Monday, November 24, 2014

November 24, 2014

I have tried to manage my anxiety, as well as my emotions for far too long now and have been completely unsuccessful. I no longer possess the slightest desire to attempt to make a solitaire individual remotely satisfied, because it is without question impossible for ME to pacify any other at all. I hate this life, I have had my fucking fill and I cannot express that enough. Let shit go you all say, well here is some late breaking fucking news for you ALL, " I cannot just let shit go so get off my damn back!"  I will not EVER forgive anyone for anything, not ever.

Tuesday, November 18, 2014

November 18, 2014

I keep tapping at these damned keys in hopes that something will snap as it has before, inside of my mind and free me from this horrific bondage of self or so they say.  My eyes are so swollen I haven't the ability to see the light of day from any angle.  I thought perhaps yesterday morning would have been my last, but alas here I am once again pecking at keys, struggling to stay afloat, no matter the water that carry me. 

Monday, November 17, 2014

November 17, 2014

There is no place in society for someone like me.

Monday, November 10, 2014

November 10, 2014

Have you ever felt so low that looking up only clouds your vision even more?  Do you feel the angst that I feel even momentarily?  Do you ever think for one moment that the words I speak hold any truths?  Have I finally succumb to my own demise?  I don't have a leg to stand on anymore.  I try to do unselfishly and for others' but it somehow always backfires. I just don't understand anymore what my purpose is.  You are still here because God has something greater planned for you!  That is absolute bullshit.  I don't buy any of it.  I started to believe so, but realize it is all just a fucking game.  Life is a fucking game.  I am the prey and I allowed myself to become such by putting myself in the midst of a forest filled with starving beasts that want only to sink their fangs into me.  Go ahead, do me a final favor.  I won't put up a fight any longer, I haven't the strength. Here is the funniest part of it all, while I was lying there bleeding you thought it fucking commical to see me scream in agony so you poured salt on my open wounds. I must not be beaten down enough, so have at it.

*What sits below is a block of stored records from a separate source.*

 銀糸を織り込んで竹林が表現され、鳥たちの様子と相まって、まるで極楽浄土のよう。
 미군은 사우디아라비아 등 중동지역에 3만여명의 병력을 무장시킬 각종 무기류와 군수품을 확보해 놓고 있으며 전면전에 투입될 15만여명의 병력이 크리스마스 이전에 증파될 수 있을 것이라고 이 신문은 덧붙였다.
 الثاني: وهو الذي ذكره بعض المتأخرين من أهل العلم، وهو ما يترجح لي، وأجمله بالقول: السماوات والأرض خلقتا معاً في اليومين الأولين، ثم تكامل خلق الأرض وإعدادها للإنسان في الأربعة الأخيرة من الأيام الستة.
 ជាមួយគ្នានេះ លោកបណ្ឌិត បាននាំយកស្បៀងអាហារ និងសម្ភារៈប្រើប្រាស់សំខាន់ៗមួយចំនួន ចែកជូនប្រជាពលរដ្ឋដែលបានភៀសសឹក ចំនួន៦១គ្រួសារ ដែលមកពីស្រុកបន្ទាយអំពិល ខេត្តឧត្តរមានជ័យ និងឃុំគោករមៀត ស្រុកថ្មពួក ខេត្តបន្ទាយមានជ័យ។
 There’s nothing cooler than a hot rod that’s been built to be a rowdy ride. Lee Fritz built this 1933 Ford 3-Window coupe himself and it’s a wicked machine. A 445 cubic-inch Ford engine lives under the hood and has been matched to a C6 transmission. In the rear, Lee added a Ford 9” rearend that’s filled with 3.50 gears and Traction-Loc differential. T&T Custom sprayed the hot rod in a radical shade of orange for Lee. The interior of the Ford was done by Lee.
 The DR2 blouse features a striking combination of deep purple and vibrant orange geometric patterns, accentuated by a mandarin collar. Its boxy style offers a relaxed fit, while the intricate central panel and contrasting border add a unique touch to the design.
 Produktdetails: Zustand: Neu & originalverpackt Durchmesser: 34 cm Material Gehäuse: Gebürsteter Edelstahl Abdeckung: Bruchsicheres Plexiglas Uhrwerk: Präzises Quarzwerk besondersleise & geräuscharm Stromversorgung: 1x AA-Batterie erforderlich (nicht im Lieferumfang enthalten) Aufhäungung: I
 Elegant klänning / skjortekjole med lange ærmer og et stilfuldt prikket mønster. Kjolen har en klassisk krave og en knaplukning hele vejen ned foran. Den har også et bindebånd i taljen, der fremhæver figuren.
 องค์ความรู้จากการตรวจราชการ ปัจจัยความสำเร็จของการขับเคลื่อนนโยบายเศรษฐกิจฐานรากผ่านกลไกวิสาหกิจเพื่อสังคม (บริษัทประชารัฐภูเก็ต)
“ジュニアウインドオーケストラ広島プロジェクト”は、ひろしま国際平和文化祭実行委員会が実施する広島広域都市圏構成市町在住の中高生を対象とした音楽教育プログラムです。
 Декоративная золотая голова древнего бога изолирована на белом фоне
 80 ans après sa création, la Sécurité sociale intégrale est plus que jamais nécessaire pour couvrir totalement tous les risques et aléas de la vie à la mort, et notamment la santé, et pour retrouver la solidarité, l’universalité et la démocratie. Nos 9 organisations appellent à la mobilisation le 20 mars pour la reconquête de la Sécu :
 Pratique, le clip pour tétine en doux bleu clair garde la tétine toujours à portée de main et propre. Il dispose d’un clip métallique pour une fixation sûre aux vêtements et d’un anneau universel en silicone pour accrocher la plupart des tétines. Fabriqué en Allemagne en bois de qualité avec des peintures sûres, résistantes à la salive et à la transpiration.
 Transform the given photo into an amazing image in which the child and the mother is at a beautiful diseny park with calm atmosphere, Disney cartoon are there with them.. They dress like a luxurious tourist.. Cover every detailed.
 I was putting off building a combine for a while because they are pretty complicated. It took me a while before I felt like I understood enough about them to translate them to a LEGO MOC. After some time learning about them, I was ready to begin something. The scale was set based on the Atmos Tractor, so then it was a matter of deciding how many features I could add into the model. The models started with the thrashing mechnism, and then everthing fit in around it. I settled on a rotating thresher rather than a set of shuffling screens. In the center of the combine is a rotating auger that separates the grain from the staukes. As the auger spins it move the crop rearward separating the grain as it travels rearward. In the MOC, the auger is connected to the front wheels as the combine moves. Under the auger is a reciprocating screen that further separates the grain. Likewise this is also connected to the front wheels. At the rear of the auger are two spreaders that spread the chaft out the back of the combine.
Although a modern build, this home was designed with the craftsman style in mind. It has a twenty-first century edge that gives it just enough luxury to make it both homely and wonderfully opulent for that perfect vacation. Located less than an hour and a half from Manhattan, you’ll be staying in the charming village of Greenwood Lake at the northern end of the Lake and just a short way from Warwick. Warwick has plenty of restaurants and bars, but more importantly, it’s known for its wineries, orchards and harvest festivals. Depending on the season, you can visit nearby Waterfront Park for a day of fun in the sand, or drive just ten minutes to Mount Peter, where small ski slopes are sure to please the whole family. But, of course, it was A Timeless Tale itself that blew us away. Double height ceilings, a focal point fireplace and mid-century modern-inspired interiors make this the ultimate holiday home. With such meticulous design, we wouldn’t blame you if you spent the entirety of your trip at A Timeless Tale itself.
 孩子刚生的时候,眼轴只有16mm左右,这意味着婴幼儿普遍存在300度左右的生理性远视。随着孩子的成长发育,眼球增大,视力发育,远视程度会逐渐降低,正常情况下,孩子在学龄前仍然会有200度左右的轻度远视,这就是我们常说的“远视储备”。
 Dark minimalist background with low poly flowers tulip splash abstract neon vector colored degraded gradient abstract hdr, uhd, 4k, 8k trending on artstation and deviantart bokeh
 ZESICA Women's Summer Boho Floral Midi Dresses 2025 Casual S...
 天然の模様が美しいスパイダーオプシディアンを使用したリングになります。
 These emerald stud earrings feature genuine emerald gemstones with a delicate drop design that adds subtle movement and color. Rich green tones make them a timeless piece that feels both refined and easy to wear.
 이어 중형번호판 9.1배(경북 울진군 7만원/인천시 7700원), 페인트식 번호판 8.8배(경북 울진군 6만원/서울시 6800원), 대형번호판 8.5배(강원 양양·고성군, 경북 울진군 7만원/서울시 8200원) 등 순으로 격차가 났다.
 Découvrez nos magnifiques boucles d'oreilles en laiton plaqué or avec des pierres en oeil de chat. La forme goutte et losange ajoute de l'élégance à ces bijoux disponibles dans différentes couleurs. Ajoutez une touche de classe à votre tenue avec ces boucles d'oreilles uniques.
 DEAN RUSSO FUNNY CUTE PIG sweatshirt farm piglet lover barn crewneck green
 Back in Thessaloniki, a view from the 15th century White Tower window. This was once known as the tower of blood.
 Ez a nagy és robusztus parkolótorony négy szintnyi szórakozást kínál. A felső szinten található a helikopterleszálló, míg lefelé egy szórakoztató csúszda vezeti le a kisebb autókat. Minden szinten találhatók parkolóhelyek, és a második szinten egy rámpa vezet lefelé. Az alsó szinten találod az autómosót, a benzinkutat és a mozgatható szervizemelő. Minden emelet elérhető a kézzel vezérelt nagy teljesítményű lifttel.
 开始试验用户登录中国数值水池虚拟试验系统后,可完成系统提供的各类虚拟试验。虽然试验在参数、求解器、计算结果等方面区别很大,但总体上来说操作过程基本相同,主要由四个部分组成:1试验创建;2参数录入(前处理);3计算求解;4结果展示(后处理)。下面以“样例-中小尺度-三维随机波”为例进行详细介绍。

Saturday, November 8, 2014

November 8, 2014

Today I thought for some fucked up reason, would somehow turn put to be a good day emotionally however; being made to feel you are an asshole and every word that comes out of your mouth is bullshit kind of put a damper on that. I really fucking hate myself. I can't believe I am still alive after all that has been said and done.

Friday, November 7, 2014

November 7, 2014

You would think that after so many years of allowing others' to dictate my moods that I would just walk away from the negativity that I surround myself with.  Unfortunately, I am not that type of person, when I do something to someone who is undeserving I am crippled with guilt and go out of my way to please.  I constantly back myself up against walls and such with no hope of escape.  I know I disappoint my children almost daily and that they view me as a failure but I continue to endure all that comes my way, as terrified as I am today I will continue to allow the words thrown at me to penetrate deep and tear my soul to shreds for the millionth time, and then somehow hoist myself up and disappoint another again.

Thursday, November 6, 2014

November 6, 2014

First and fucking foremost, I DO NOT MAKE EVERYTHING ABOUT ME! Second, I am sick and fucking tired of taking blame for EVERYTHING. So, essentially it is ALL of you making it about me by placing ALL of the fucking blame on me. I am so sick of life. I actually hate it, I wish my death clock would hurry up and fast forward. I have no desire to see what any tomorrow brings. Life itself has sucked for far too long.